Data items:
- - - - - - -

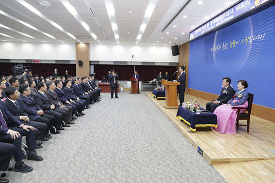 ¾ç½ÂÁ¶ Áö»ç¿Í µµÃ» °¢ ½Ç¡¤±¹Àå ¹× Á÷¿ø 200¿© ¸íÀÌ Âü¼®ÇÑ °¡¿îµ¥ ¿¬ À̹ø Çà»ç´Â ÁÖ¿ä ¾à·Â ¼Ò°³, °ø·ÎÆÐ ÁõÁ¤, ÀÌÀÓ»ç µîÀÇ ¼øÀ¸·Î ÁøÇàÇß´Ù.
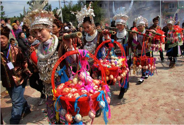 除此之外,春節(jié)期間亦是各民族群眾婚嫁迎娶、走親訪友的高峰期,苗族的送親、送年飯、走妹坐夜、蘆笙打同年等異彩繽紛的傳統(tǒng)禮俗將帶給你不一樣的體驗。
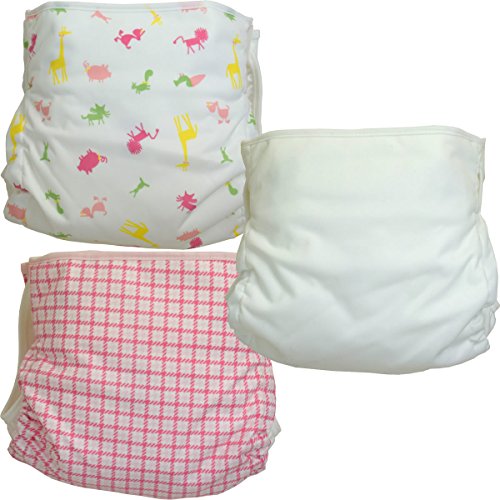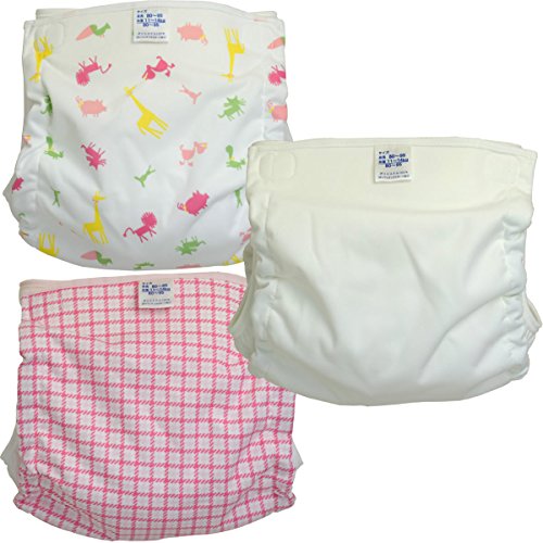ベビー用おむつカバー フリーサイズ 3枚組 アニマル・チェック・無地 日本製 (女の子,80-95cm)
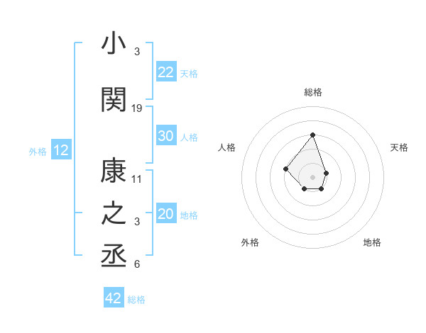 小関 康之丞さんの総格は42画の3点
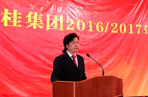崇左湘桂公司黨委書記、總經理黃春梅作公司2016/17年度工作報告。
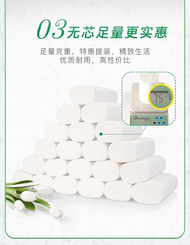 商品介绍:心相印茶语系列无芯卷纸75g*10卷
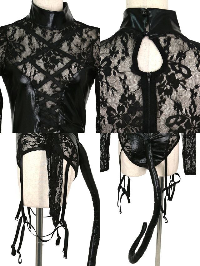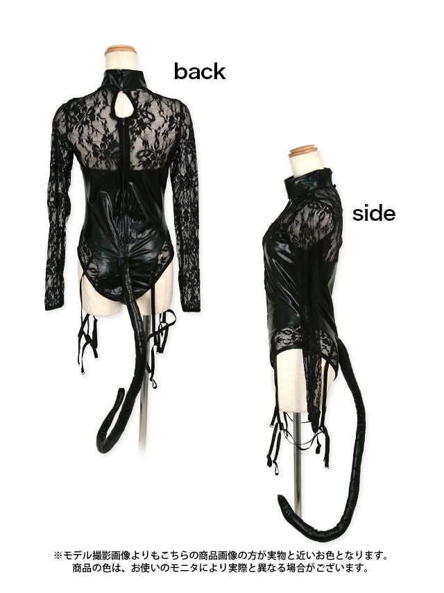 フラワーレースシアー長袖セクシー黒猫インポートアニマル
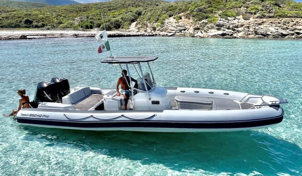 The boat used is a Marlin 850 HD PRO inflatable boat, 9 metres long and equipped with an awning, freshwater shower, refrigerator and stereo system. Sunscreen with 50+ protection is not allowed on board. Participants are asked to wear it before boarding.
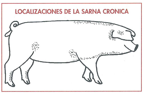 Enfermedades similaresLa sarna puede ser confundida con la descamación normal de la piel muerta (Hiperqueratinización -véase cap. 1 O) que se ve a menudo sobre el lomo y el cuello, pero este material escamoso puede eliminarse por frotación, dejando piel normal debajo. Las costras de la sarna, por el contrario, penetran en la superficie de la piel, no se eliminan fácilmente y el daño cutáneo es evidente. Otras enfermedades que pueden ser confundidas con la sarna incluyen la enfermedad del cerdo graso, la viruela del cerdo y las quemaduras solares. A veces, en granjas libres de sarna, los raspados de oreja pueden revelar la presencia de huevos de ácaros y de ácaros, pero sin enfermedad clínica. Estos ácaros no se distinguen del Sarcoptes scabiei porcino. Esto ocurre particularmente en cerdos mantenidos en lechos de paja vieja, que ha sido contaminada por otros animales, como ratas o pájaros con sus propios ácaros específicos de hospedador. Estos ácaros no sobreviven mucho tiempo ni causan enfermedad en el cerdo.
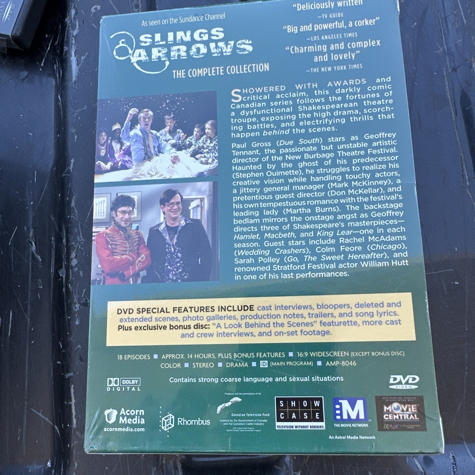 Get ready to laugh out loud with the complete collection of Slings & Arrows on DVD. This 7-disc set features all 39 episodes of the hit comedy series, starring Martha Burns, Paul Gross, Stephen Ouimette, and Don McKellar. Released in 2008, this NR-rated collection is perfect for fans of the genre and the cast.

- - - - - - -

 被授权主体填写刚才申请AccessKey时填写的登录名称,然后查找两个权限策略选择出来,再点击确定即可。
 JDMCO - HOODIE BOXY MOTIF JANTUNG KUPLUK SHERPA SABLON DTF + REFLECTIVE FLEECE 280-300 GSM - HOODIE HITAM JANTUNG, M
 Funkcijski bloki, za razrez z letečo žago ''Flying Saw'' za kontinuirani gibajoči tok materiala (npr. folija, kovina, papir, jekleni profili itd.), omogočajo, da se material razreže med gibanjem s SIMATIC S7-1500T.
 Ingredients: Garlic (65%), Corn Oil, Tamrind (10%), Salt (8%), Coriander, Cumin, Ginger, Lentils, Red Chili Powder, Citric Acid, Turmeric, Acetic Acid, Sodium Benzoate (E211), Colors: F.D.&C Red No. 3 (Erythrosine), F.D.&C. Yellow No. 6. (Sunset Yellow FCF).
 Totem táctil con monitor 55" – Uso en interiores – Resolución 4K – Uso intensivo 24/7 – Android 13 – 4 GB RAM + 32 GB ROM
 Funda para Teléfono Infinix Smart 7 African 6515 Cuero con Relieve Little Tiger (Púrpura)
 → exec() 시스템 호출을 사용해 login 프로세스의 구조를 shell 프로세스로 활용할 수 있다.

- - - - - - -

Starting from the line with "除此之外,春節(jié)期間" in the records above, repeat each line exactly until you have written the line with "The boat used", then stop; drop the pictures.

 除此之外,春節(jié)期間亦是各民族群眾婚嫁迎娶、走親訪友的高峰期,苗族的送親、送年飯、走妹坐夜、蘆笙打同年等異彩繽紛的傳統(tǒng)禮俗將帶給你不一樣的體驗。
ベビー用おむつカバー フリーサイズ 3枚組 アニマル・チェック・無地 日本製 (女の子,80-95cm)
 小関 康之丞さんの総格は42画の3点
崇左湘桂公司黨委書記、總經理黃春梅作公司2016/17年度工作報告。
 商品介绍:心相印茶语系列无芯卷纸75g*10卷
 フラワーレースシアー長袖セクシー黒猫インポートアニマル
 The boat used is a Marlin 850 HD PRO inflatable boat, 9 metres long and equipped with an awning, freshwater shower, refrigerator and stereo system. Sunscreen with 50+ protection is not allowed on board. Participants are asked to wear it before boarding.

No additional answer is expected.